Define an official multi-class focal loss function

Motivation

Most object detectors handle more than 1 class, so a multi-class focal loss function would cover more use-cases than the existing binary focal loss released in v0.8.0

Additionally, there are many different implementations of multi-class focal loss floating around on the web (PyTorch forums, Github, etc). As the authors of the RetinaNet paper, Facebook AI Research should provide a definitive version to settle any existing debates

Pitch

To the best of my understanding, this version by Thomas V. in the PyTorch forums seems correct. Please feel free to correct me if this is not the right approach

import torch
import torch.nn.functional as F

batch_size = 8
num_classes = 5
logits = torch.randn(batch_size, num_classes)
targets = torch.randint(0, num_classes, (batch_size, ))

alpha = 0.25
gamma = 2
ce_loss = F.cross_entropy(logits, targets, reduction='none')
pt = torch.exp(-ce_loss)
focal_loss = alpha * (1 - pt) ** gamma * ce_loss

Alternatives

Individual practitioners continue writing their own

Additional context

The RetinaNet paper doesn't provide any equations to describe multi-class focal loss, so I think that's partially why people currently have varying implementations. In particular alpha_t is not defined, so I noticed Thomas and other users don't follow the same alpha --> alpha_t conversion used in torchvision's current binary focal loss implementation

oke-aditya commented 3 years ago

Hi, The discussion for adding loss functions to torchvision is here #2980 . I think this also sounds like a very particular use case to Computer vision and not a very general loss function like nn.CrossEntropy

addisonklinke commented 3 years ago

@oke-aditya Thank you for adding my request to your task list. Is there an estimated timeline for completing #2980?

Also in the meantime, do you have any feedback on the proposed code snippet here - is the implementation correct?

oke-aditya commented 3 years ago

I don't have any estimated timeline for Loss functions. Since, Loss functions not currently in Torchvision Roadmap #3221 . So maybe we might have to wait for such API. I will have a look at the above snippet and post a version which seems fine to me here.

addisonklinke commented 3 years ago

Okay understood. Excellent, I look forward to your feedback on the implementation and I'm sure others looking for a reference will find it helpful as well!

Nuno-Mota commented 3 years ago

I have been using pretty much the same approach for computing a multi-class focal loss, but I was encountering some numerical instabilities. I did not have as much time to investigate the issue as I would have liked, but it seems to happen when the model is highly confident (estimated probability is approx 1) and 0 < gamma < 1. As a quick fix, I ended up clamping 1-pt (let's name it clamped_one_minus_pt) and clamped_one_minus_pt ** gamma between 0 + epsilon and 1 - epsilon, which seems to work.
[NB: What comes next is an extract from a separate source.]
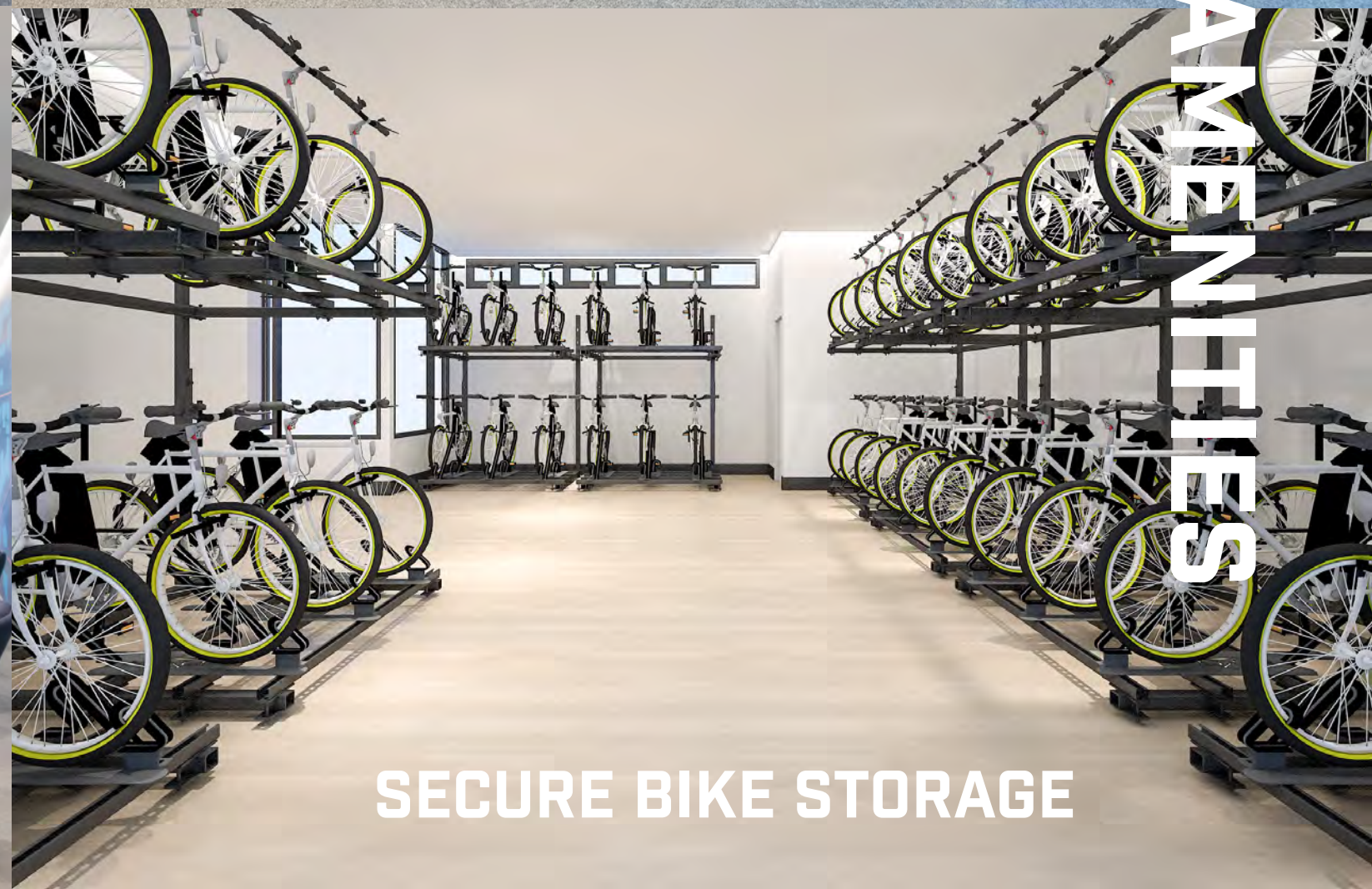
SECURE BIKE STORAGE

Maybe I simply messed something on my end, but I just wanted to point this out, as it might warrant further investigation.

hgaiser commented 3 years ago

Pitch

To the best of my understanding, this version by Thomas V. in the PyTorch forums seems correct. Please feel free to correct me if this is not the right approach
import torch
import torch.nn.functional as F

batch_size = 8
num_classes = 5
logits = torch.randn(batch_size, num_classes)
targets = torch.randint(0, num_classes, (batch_size, ))

alpha = 0.25
gamma = 2
ce_loss = F.cross_entropy(logits, targets, reduction='none')
pt = torch.exp(-ce_loss)
focal_loss = alpha * (1 - pt) ** gamma * ce_loss

I think the use of cross_entropy is wrong, or at the very least not what the authors had intended. "cross_entropy combines log_softmax and nll_loss in a single function.", but the RetinaNet paper clearly says they used sigmoid in the loss function.

In addition I had contact with one of the authors at one point (Tsung-Yi Lin), where he confirmed they are not using softmax, but that it was more a matter of preference.

Could you explain the use of the term "multi-class" in the name for me? The focal loss function in torchvision is used in datasets like COCO, which detects multiple classes. Why is that not a multi-class focal loss?

addisonklinke commented 3 years ago

@hgaiser I think softmax (provided by nn.CrossEntropyLoss) is correct since it's the equivalent of sigmoid for multiple classes. I believe the paper mentions sigmoid because they only

introduce the focal loss starting from the cross entropy (CE) loss for binary classification (section 3)

A dataset like COCO would be my intended use-case, but I don't see how the existing torchvision implementation can handle this. The docstring for targets says

Stores the binary classification label for each element in inputs (0 for the negative class and 1 for the positive class)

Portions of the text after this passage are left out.